→ **THE PROBLEM**
Every line below that carries the word "living" needs to be copied.

→ **THE RECORDS**
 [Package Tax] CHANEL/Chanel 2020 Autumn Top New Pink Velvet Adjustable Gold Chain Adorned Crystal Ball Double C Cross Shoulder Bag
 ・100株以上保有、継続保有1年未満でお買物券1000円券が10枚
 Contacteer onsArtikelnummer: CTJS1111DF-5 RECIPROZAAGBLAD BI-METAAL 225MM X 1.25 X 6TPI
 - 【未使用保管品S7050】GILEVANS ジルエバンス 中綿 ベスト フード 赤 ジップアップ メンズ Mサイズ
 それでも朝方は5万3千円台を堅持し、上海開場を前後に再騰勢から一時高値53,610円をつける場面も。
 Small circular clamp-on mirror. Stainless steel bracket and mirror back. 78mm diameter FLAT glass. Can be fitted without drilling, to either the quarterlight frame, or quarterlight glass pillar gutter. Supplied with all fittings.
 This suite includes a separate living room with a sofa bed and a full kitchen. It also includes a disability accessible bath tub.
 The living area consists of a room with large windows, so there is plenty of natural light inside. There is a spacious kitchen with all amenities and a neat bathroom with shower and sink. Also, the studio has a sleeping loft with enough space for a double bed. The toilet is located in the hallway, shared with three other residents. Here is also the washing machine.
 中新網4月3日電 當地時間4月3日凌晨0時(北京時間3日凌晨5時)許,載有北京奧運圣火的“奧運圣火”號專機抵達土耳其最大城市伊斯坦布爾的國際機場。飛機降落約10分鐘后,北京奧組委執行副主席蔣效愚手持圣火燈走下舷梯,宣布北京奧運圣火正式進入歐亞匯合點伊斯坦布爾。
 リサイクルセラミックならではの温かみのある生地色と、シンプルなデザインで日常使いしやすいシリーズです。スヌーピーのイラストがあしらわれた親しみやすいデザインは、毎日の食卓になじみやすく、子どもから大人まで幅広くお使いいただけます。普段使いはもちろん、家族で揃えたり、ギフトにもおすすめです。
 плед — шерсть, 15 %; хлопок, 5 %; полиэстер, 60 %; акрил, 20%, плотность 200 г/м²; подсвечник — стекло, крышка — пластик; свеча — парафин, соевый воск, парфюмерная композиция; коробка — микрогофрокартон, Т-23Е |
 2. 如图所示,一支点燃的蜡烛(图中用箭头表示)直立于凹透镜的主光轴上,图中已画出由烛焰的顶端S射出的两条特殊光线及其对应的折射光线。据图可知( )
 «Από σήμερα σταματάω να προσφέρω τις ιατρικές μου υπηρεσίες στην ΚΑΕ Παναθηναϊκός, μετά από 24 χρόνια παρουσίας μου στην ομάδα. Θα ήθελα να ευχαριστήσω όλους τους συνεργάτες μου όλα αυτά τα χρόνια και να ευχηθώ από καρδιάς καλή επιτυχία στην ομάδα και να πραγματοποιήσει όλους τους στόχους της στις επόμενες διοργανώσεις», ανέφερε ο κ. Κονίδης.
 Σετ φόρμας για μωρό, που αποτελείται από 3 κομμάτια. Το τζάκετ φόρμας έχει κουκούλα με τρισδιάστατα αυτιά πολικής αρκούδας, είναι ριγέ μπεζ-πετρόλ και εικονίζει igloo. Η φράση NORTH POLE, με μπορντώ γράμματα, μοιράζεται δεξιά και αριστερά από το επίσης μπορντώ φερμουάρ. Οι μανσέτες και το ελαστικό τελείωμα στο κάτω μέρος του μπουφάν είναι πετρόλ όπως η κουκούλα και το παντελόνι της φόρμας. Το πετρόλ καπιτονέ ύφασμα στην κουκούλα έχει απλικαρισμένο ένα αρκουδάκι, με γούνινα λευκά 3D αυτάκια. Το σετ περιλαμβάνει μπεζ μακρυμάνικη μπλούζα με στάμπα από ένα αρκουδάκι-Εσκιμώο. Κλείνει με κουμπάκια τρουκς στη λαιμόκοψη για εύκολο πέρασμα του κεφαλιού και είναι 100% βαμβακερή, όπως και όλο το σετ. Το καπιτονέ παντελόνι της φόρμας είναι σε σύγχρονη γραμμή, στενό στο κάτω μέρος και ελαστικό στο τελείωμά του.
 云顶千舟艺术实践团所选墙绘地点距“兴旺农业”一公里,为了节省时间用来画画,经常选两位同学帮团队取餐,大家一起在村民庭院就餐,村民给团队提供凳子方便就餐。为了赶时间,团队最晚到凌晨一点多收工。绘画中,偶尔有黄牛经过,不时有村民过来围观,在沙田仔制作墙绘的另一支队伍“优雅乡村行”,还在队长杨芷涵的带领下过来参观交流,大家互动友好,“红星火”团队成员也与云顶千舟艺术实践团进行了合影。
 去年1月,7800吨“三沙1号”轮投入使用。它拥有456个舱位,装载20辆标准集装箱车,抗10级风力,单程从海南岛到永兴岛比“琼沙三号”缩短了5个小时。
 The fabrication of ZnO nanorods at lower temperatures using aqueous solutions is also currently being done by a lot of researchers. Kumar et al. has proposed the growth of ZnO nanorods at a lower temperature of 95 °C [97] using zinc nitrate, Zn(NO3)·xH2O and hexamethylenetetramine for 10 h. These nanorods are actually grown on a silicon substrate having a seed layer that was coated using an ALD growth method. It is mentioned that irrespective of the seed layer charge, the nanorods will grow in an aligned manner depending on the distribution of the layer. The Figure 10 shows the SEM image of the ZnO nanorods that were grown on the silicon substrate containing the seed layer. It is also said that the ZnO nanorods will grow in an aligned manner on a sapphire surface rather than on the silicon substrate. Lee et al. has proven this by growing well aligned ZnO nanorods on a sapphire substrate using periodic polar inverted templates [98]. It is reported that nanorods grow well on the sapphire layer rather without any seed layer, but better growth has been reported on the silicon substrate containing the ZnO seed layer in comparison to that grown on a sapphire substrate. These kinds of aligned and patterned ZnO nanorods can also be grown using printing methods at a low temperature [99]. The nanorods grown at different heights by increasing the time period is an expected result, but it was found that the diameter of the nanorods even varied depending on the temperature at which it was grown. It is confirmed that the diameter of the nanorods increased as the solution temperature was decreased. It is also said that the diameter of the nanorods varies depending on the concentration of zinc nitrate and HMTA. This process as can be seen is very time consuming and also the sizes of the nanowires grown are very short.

→ **WRITTEN SOLUTION**
 This suite includes a separate living room with a sofa bed and a full kitchen. It also includes a disability accessible bath tub.
 The living area consists of a room with large windows, so there is plenty of natural light inside. There is a spacious kitchen with all amenities and a neat bathroom with shower and sink. Also, the studio has a sleeping loft with enough space for a double bed. The toilet is located in the hallway, shared with three other residents. Here is also the washing machine.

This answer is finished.